The Lookup stage in DataStage

The lookup stage in Datastage 8 is an enhanced version of what was present in earlier Datastage releases. This article is going to take a deep dive into the new lookup stage and the various options it offers. Even though the lookup stage can’t be used in cases where huge amounts of data are involved(since it requires data to be present in the memory for operations), it still warrants its own place in job designs. This is because the lookup stage offers a bit more than the other conventional lookup stages like join and merge.

Lets look at the example shown below.

Source

Emp ID EmpName Dept

1001 AABB IT

1002 BBCC IT

1003 BBDD BS

Reference

Emp ID Salary Dept Quarter

1001 2000 IT Q1

1001 3000 IT Q2

1001 4000 IT Q3

Now if you use the lookup stage the with Emp iD as the key then the output would be as below

EMp ID Salary Dept EmpName Quarter

1001 2000 IT AABB Q1

But if you have a closer look at the data we can see that the reference table actually has three records for that ID. However your lookup stage actually only retrieved the one record.

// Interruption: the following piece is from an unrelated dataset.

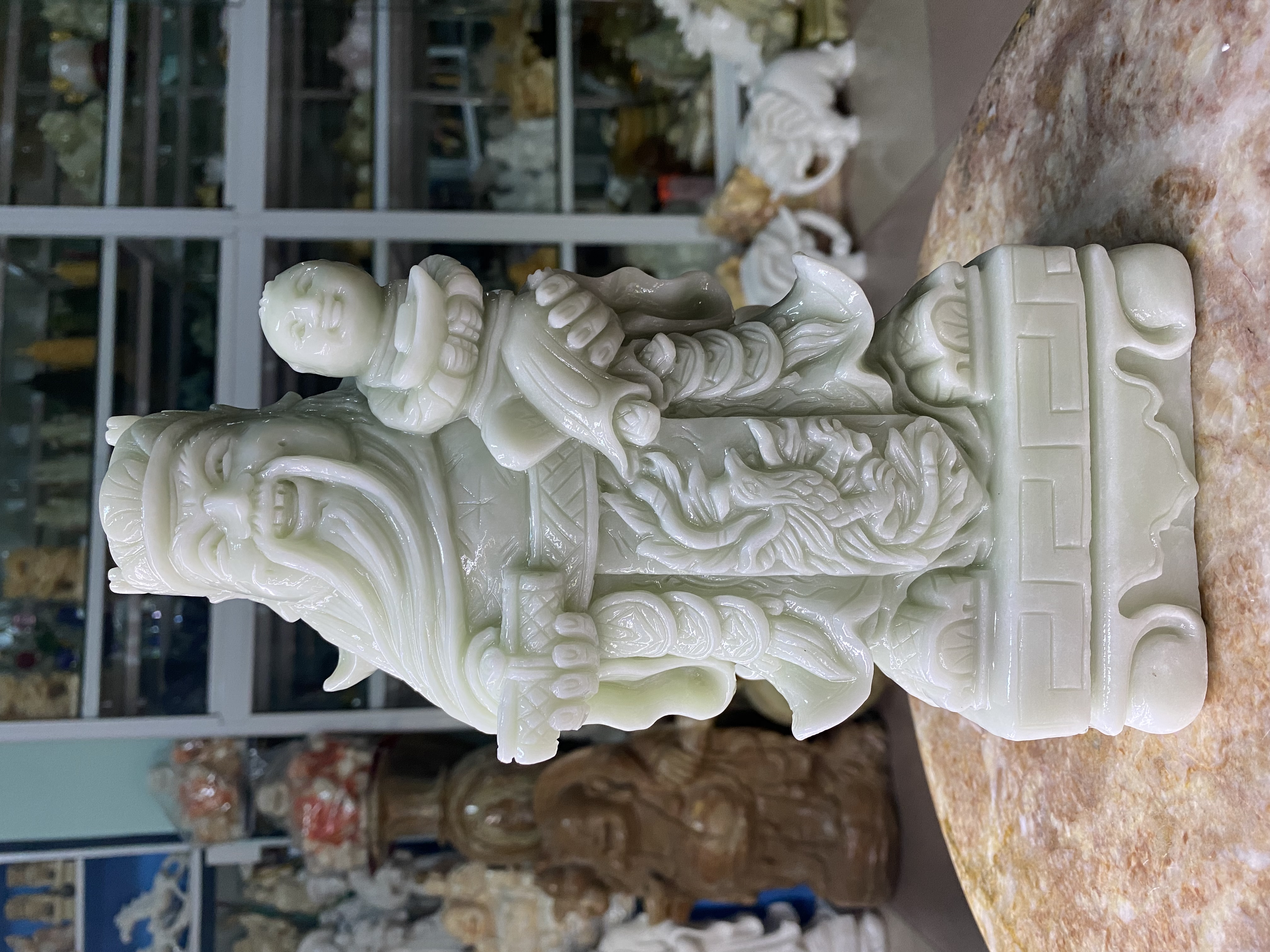 ✨Bộ Tượng Tam Đa (Phúc Lộc Thọ) Đá Cẩm Thạch Trắng Xanh - cao 25cm

Now if you need to retrieve all 3 records for that ID then you will have to

- Go to the constraints page of the lookup stage
- Go to tab ‘Multiple rows returned from link’
- Select the refernce link

This will modify your output as below

EMp ID Salary Dept EmpName Quarter

1001 2000 IT AABB Q1

1001 3000 IT AABB Q2

1001 4000 IT AABB Q3

A point to be noted is that only one reference link in the lookup stage can return multiple rows. This can’t be done for more than one reference link and can only be done for in-memory lookups

There are a host of other options also available on the constraints page shown below

In addition to the lookup, the stage also gives us the option of checking if the data satisfies a particular condition like Salary > 2000,etc.. All such additional conditions that you want to check can be done in this area. How the job behaves during a lookup is determined by the ‘Condition Not Met’ or ‘Lookup Failure’ option. The four options available for this tab are Continue, Drop, Reject and Fail. Condition Not Met option will be applicable if you provide a condition check. If you do not provide such a check then the values in the ‘Condition Not Met’ option will not make a difference.

The ‘Continue’ option will allow the job to continue without failing and the retrieved refernce value will be populated as NULL. If the value is specified as ‘Drop’, then the records will be dropped from the data set if the lookup/condition has failed. If the option is specified as ‘Reject’, then all records that failed lookup will go to the reject link. You should remember to provide a reject link to the lookup stage if this option is set. Else your job will fail. If you specify the value as ‘Fail’, then the job will move to the aborted state whenever a lookup fails against the reference dataset.

The lookup stage gives us 3 different lookup options. The first is ‘Equality’ which is the normal look. The data is looked up for an exact match (Case sensitive). The second option is the Casesless match. It does exactly what the name indicates. The third and final option is the ‘Range’. This allows you to define a range lookup on the stream link or a reference link of a Lookup stage. On the stream link, the lookup compares the value of a source column to a range of values between two lookup columns. On the reference link, the lookup compares the value of a lookup column to a range of values between two source columns.